[Collection entries]

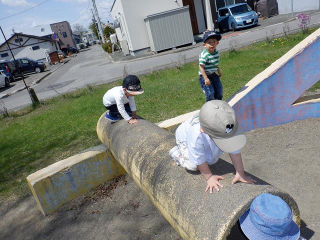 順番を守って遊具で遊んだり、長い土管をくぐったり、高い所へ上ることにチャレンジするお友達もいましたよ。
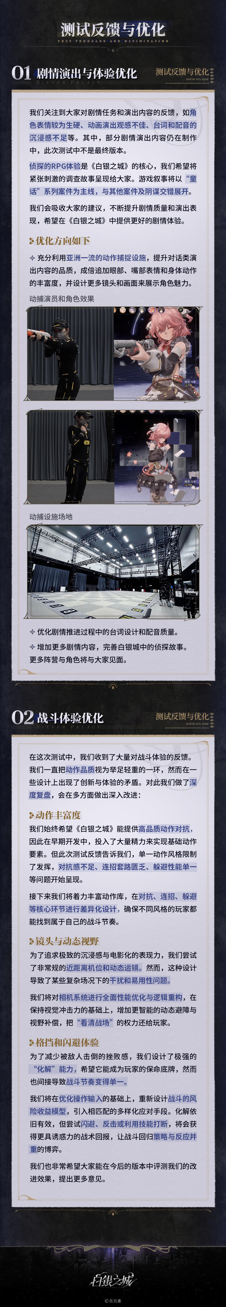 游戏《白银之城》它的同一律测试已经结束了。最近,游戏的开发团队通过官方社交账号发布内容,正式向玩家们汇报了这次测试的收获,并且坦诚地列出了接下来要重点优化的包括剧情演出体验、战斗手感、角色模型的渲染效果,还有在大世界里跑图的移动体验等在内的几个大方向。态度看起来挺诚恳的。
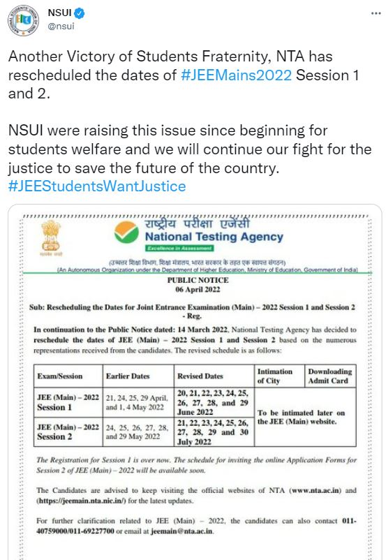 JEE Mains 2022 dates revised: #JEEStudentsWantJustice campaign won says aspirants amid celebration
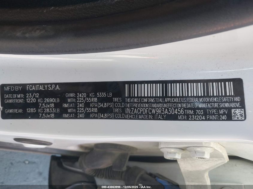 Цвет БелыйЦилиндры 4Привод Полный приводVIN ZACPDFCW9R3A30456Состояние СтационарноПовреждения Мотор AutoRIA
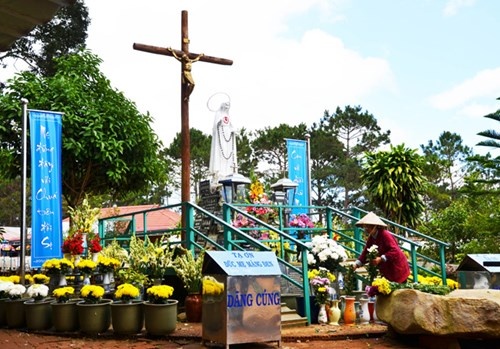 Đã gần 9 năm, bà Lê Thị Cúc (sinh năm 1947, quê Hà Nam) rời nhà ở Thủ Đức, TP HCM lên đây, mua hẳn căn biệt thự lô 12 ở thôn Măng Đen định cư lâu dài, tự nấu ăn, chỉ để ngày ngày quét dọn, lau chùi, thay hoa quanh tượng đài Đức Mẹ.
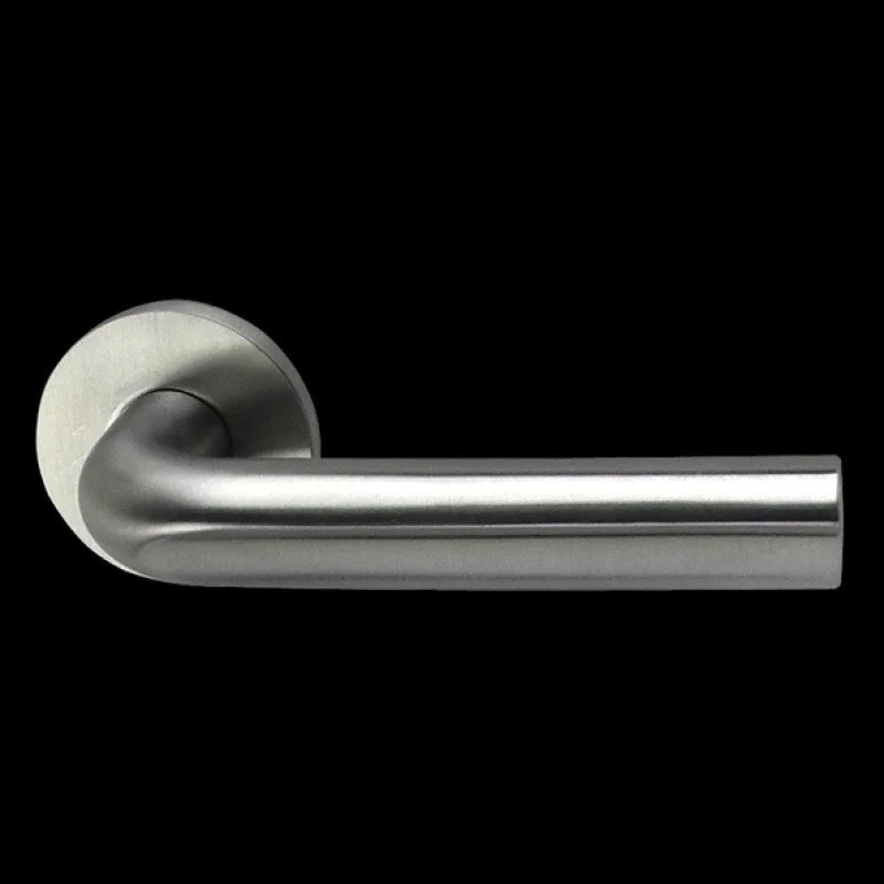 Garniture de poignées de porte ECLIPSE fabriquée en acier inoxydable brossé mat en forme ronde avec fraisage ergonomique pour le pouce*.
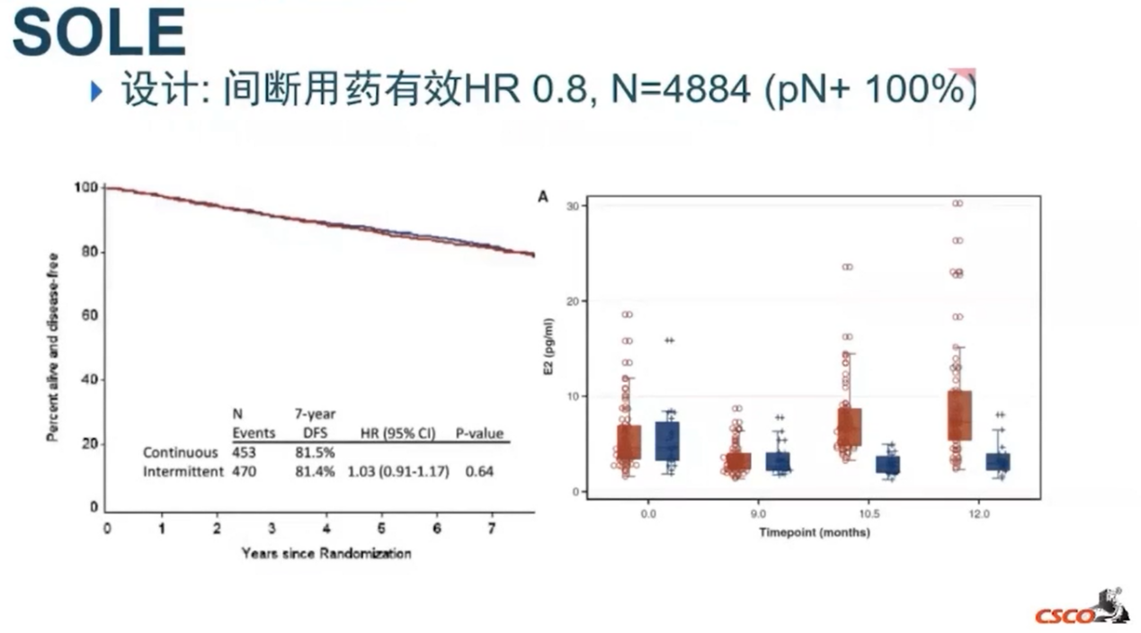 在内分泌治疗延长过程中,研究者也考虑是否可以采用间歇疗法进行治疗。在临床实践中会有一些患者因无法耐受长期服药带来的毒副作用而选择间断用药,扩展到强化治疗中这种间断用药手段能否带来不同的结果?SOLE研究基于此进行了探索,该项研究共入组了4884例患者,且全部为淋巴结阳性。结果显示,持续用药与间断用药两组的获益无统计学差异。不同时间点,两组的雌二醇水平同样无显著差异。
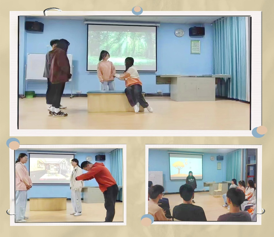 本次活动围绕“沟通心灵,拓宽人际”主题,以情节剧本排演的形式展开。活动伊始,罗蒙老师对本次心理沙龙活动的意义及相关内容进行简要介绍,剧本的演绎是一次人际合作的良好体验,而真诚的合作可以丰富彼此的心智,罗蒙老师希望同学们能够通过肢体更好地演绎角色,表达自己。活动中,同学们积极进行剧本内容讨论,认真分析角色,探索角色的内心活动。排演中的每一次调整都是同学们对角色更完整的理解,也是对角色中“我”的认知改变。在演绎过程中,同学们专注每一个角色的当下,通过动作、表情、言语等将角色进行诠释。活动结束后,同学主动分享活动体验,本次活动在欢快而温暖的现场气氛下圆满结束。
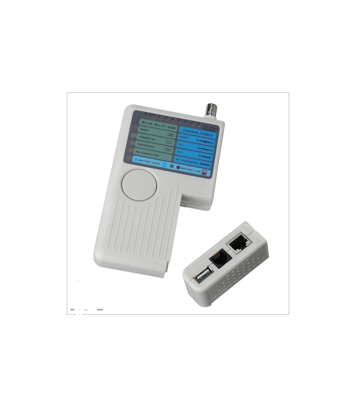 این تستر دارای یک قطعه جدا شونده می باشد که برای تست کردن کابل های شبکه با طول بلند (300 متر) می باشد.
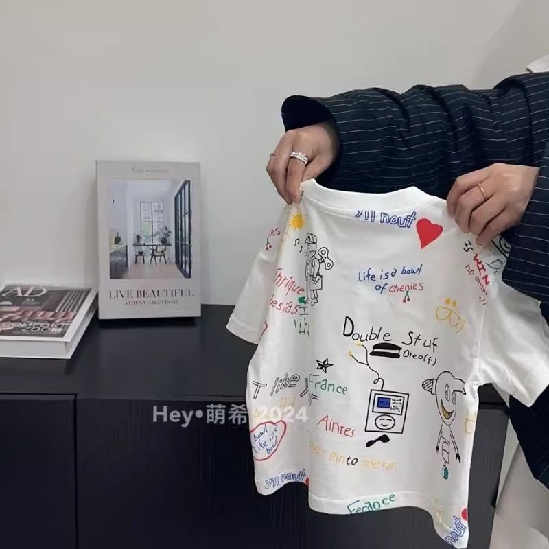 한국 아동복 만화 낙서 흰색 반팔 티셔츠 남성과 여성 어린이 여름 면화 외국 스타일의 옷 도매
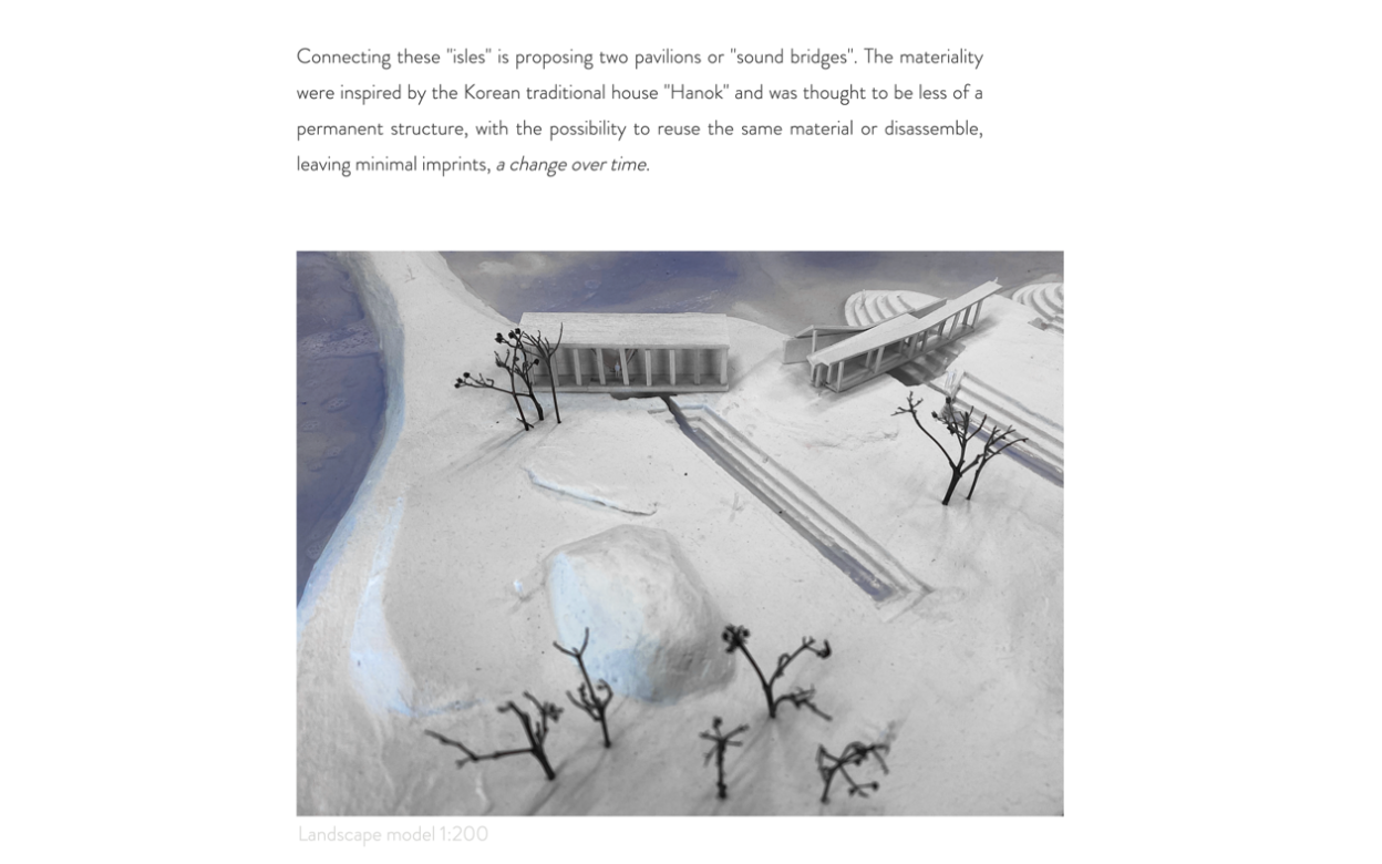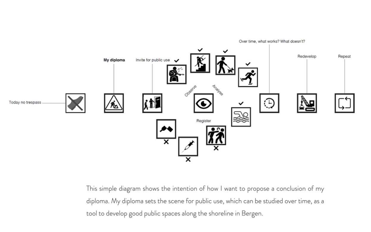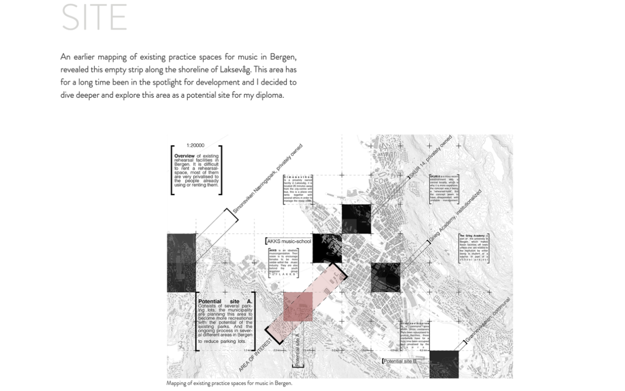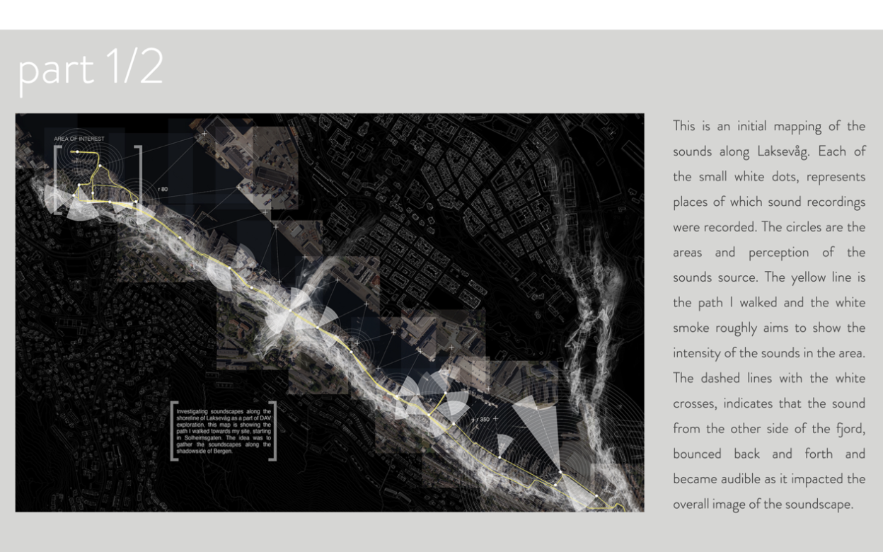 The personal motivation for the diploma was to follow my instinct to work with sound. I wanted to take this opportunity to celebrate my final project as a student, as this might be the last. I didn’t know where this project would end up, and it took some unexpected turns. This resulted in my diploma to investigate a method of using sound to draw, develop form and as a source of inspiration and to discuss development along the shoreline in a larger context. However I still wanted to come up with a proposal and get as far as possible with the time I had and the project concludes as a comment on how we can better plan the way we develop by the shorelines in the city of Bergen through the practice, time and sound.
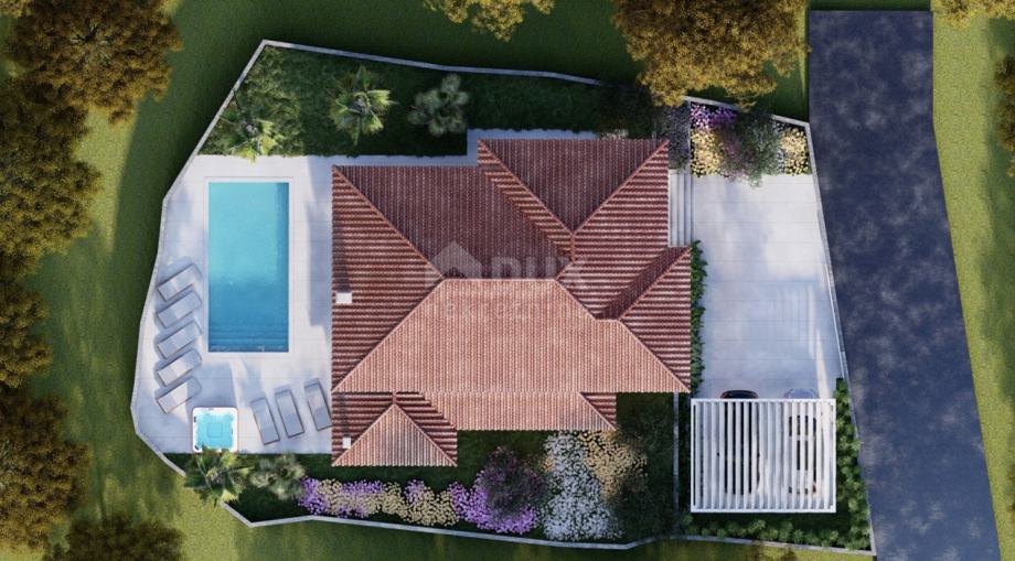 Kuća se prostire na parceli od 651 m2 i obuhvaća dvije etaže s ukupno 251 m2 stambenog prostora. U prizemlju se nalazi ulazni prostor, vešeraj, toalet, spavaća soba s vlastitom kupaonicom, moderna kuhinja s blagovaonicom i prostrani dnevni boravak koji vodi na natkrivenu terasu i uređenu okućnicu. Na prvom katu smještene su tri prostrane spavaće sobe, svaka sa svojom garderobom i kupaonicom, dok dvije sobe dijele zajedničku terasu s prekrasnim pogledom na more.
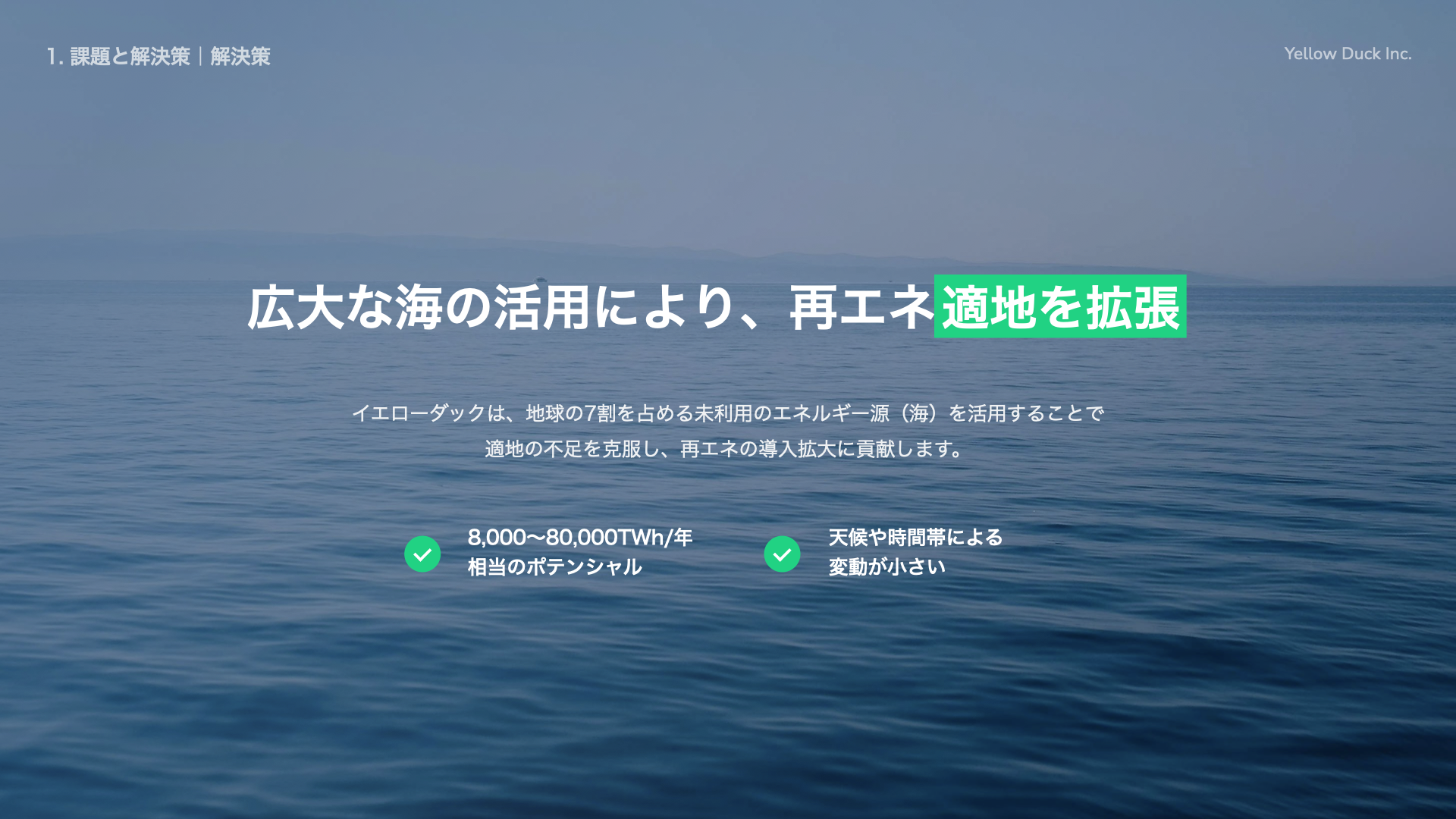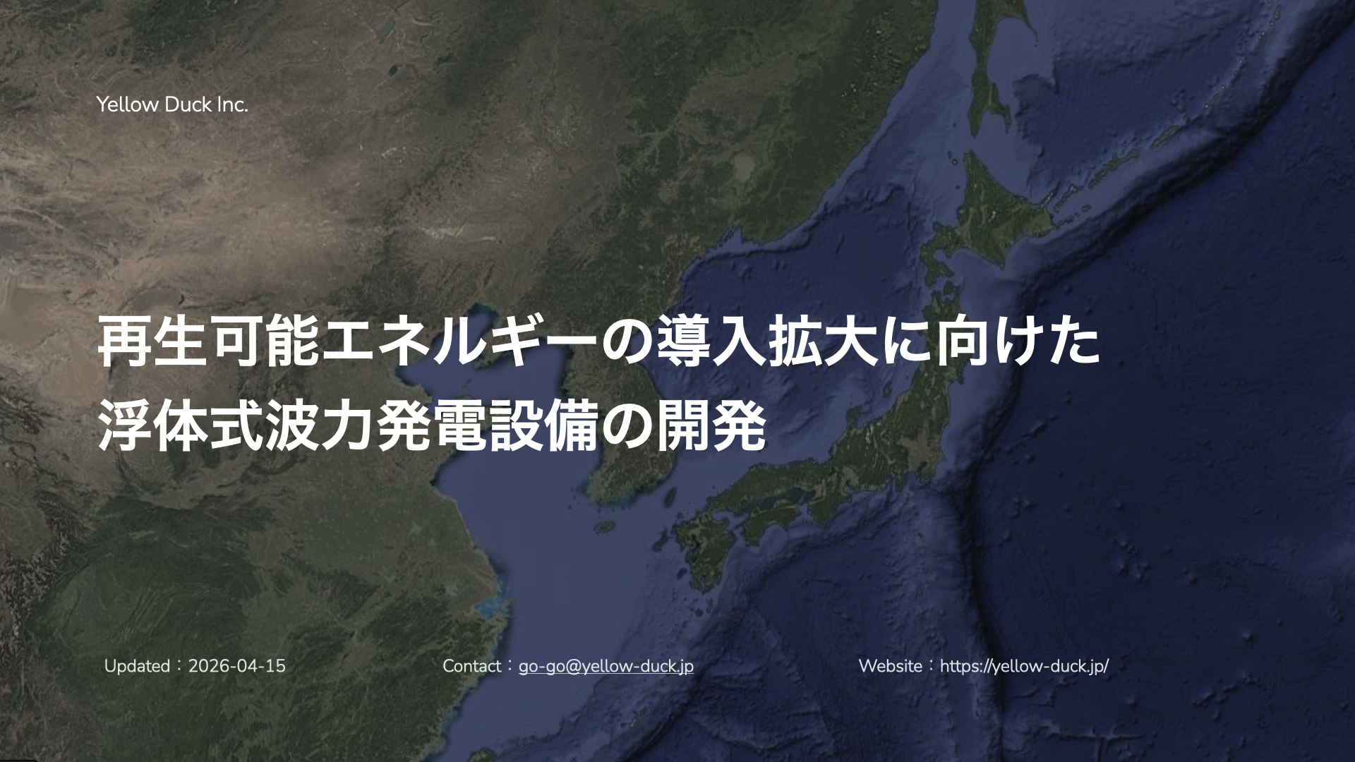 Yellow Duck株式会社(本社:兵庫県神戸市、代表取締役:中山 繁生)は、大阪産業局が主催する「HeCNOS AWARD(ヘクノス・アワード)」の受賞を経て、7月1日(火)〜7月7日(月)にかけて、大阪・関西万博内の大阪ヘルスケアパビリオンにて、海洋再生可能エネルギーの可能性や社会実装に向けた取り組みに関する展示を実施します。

TASK ITEM:
Each entry needs to be returned verbatim, with its pictures left out.

EXPECTED OUTPUT:
 順番を守って遊具で遊んだり、長い土管をくぐったり、高い所へ上ることにチャレンジするお友達もいましたよ。
 游戏《白银之城》它的同一律测试已经结束了。最近,游戏的开发团队通过官方社交账号发布内容,正式向玩家们汇报了这次测试的收获,并且坦诚地列出了接下来要重点优化的包括剧情演出体验、战斗手感、角色模型的渲染效果,还有在大世界里跑图的移动体验等在内的几个大方向。态度看起来挺诚恳的。
 JEE Mains 2022 dates revised: #JEEStudentsWantJustice campaign won says aspirants amid celebration
 Цвет БелыйЦилиндры 4Привод Полный приводVIN ZACPDFCW9R3A30456Состояние СтационарноПовреждения Мотор AutoRIA
 Đã gần 9 năm, bà Lê Thị Cúc (sinh năm 1947, quê Hà Nam) rời nhà ở Thủ Đức, TP HCM lên đây, mua hẳn căn biệt thự lô 12 ở thôn Măng Đen định cư lâu dài, tự nấu ăn, chỉ để ngày ngày quét dọn, lau chùi, thay hoa quanh tượng đài Đức Mẹ.
 Garniture de poignées de porte ECLIPSE fabriquée en acier inoxydable brossé mat en forme ronde avec fraisage ergonomique pour le pouce*.
 在内分泌治疗延长过程中,研究者也考虑是否可以采用间歇疗法进行治疗。在临床实践中会有一些患者因无法耐受长期服药带来的毒副作用而选择间断用药,扩展到强化治疗中这种间断用药手段能否带来不同的结果?SOLE研究基于此进行了探索,该项研究共入组了4884例患者,且全部为淋巴结阳性。结果显示,持续用药与间断用药两组的获益无统计学差异。不同时间点,两组的雌二醇水平同样无显著差异。
 本次活动围绕“沟通心灵,拓宽人际”主题,以情节剧本排演的形式展开。活动伊始,罗蒙老师对本次心理沙龙活动的意义及相关内容进行简要介绍,剧本的演绎是一次人际合作的良好体验,而真诚的合作可以丰富彼此的心智,罗蒙老师希望同学们能够通过肢体更好地演绎角色,表达自己。活动中,同学们积极进行剧本内容讨论,认真分析角色,探索角色的内心活动。排演中的每一次调整都是同学们对角色更完整的理解,也是对角色中“我”的认知改变。在演绎过程中,同学们专注每一个角色的当下,通过动作、表情、言语等将角色进行诠释。活动结束后,同学主动分享活动体验,本次活动在欢快而温暖的现场气氛下圆满结束。
 این تستر دارای یک قطعه جدا شونده می باشد که برای تست کردن کابل های شبکه با طول بلند (300 متر) می باشد.
 한국 아동복 만화 낙서 흰색 반팔 티셔츠 남성과 여성 어린이 여름 면화 외국 스타일의 옷 도매
 The personal motivation for the diploma was to follow my instinct to work with sound. I wanted to take this opportunity to celebrate my final project as a student, as this might be the last. I didn’t know where this project would end up, and it took some unexpected turns. This resulted in my diploma to investigate a method of using sound to draw, develop form and as a source of inspiration and to discuss development along the shoreline in a larger context. However I still wanted to come up with a proposal and get as far as possible with the time I had and the project concludes as a comment on how we can better plan the way we develop by the shorelines in the city of Bergen through the practice, time and sound.
 Kuća se prostire na parceli od 651 m2 i obuhvaća dvije etaže s ukupno 251 m2 stambenog prostora. U prizemlju se nalazi ulazni prostor, vešeraj, toalet, spavaća soba s vlastitom kupaonicom, moderna kuhinja s blagovaonicom i prostrani dnevni boravak koji vodi na natkrivenu terasu i uređenu okućnicu. Na prvom katu smještene su tri prostrane spavaće sobe, svaka sa svojom garderobom i kupaonicom, dok dvije sobe dijele zajedničku terasu s prekrasnim pogledom na more.
 Yellow Duck株式会社(本社:兵庫県神戸市、代表取締役:中山 繁生)は、大阪産業局が主催する「HeCNOS AWARD(ヘクノス・アワード)」の受賞を経て、7月1日(火)〜7月7日(月)にかけて、大阪・関西万博内の大阪ヘルスケアパビリオンにて、海洋再生可能エネルギーの可能性や社会実装に向けた取り組みに関する展示を実施します。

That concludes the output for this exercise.